- [WORK REQUIRED] In the listing below, find the line with "The document provides" and copy every line from there up to and including the line with "green hair, dressed", exactly and without pictures.

- [SOURCE RECORDS]
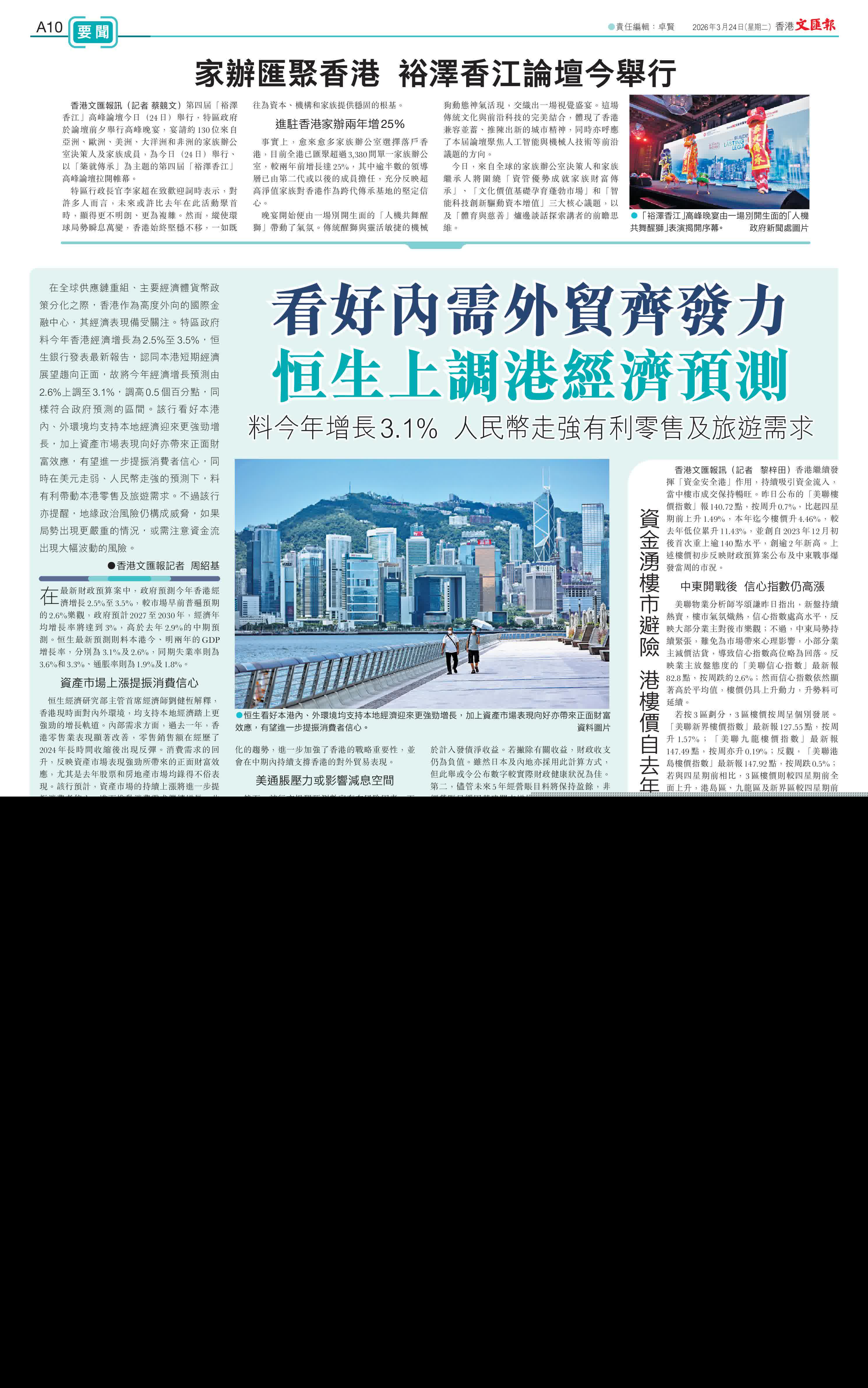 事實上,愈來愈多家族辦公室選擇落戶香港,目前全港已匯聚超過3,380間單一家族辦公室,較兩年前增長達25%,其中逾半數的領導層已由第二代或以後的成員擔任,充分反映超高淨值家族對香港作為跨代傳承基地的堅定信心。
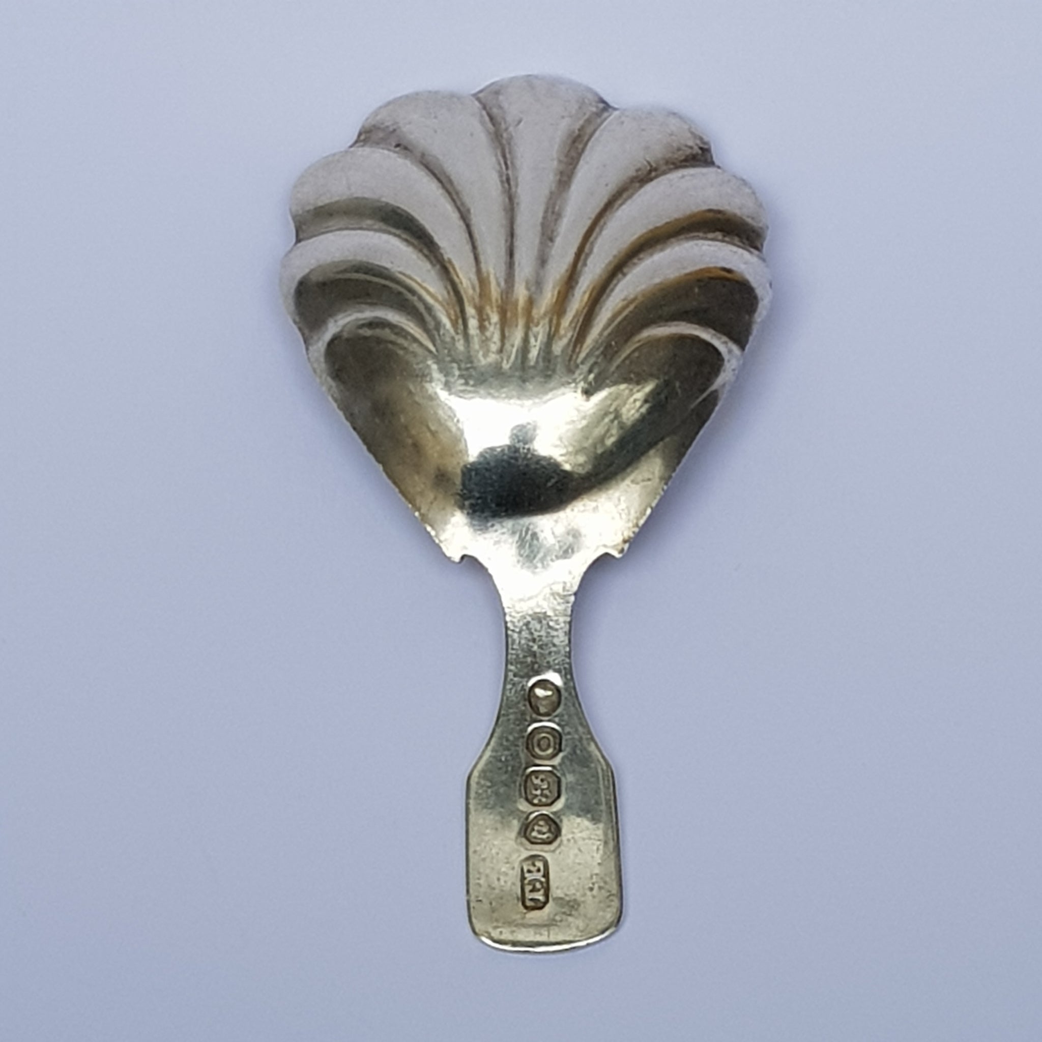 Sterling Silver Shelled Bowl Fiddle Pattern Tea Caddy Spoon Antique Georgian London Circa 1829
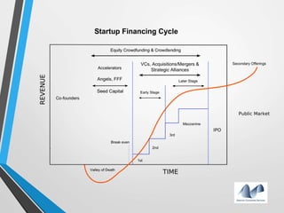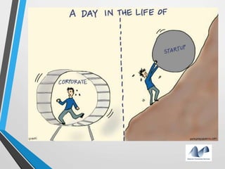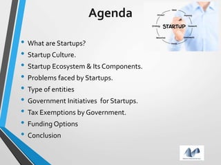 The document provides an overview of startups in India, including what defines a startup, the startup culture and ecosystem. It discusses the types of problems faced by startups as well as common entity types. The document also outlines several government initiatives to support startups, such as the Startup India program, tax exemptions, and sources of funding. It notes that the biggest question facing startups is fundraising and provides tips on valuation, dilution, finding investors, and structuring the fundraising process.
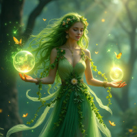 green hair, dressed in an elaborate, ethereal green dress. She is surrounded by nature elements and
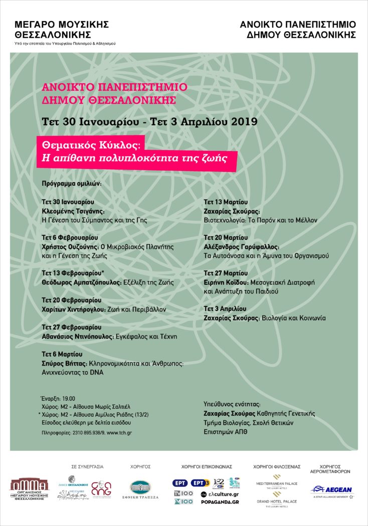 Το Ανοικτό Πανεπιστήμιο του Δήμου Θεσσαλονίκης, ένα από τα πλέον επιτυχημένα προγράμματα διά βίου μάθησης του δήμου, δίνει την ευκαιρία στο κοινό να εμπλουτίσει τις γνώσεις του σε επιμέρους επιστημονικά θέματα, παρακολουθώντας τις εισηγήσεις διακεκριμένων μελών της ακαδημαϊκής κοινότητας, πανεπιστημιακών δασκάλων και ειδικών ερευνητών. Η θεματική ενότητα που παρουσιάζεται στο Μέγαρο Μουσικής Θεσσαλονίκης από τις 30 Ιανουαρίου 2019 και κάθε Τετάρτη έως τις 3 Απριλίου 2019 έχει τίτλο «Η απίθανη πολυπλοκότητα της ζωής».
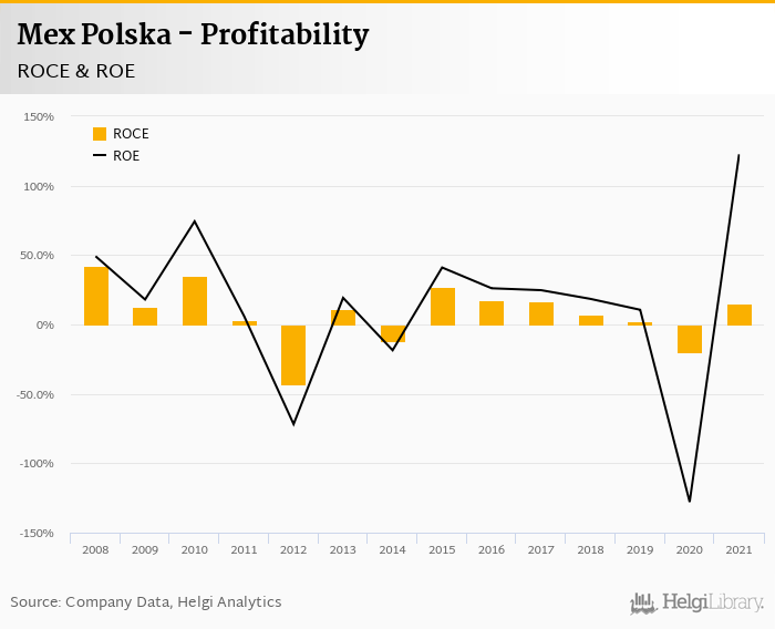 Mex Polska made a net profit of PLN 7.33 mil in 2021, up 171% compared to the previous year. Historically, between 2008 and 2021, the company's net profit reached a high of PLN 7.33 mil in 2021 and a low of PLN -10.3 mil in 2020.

- [OUTPUT OF THE TASK]
 The document provides an overview of startups in India, including what defines a startup, the startup culture and ecosystem. It discusses the types of problems faced by startups as well as common entity types. The document also outlines several government initiatives to support startups, such as the Startup India program, tax exemptions, and sources of funding. It notes that the biggest question facing startups is fundraising and provides tips on valuation, dilution, finding investors, and structuring the fundraising process.
 green hair, dressed in an elaborate, ethereal green dress. She is surrounded by nature elements and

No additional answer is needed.